The Internet’s Dark Ages – The Atlantic

If a Pulitzer-nominated 34-part series of investigative journalism can vanish from the web, anything can.

The web, as it appears at any one moment, is a phantasmagoria. It’s not a place in any reliable sense of the word. It is not a repository. It is not a library. It is a constantly changing patchwork of perpetual nowness.

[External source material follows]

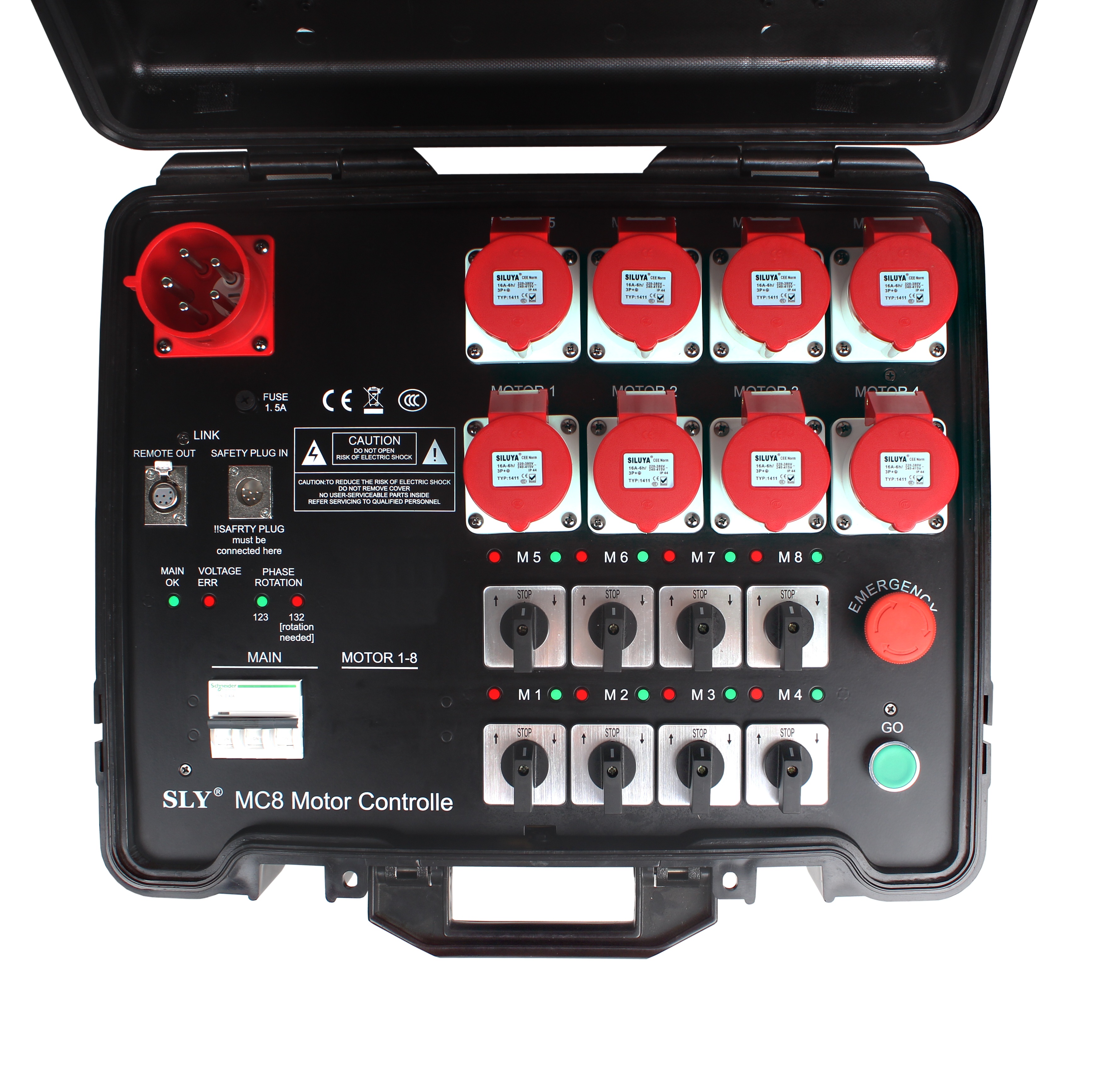 MC8 电动葫芦控制器是一个便携式的控制器,安装在可靠的塑料器材箱内,方便流动演出需求;高品质的开关和连接器提供可靠的操作保障。

From The Atlanic website on October 15th, a pivotal piece about the Internet not quite as many of us know it – dynamic, tangential, interactive, user generated, information to be found and shared, classified by taxonomies and distributed across the globe, but also lost, trashed, disconnected, and forgotten.

It is not a repository.

Aside from the Internet Archive Way Back Machine, web archiving program, and person back ups, the Internet is not perpetually recorded, nor indexed. We rely on secondary services, corporate entities and cultural heritage organizations to respect, honor, retain, describe, index, and either keep behind pay walls or contribute to the collective accessible information we each have the right to access and educate ourselves with. An ideal situation would be knowledge for all, regardless of one’s class, access to technology, or affiliation…

It is not a library.

With a library we can provide access to information, by saving, storing, describing and indexing in useful, transparent ways. We educate about saving knowledge, and documenting our work to preserve it beyond the Internet.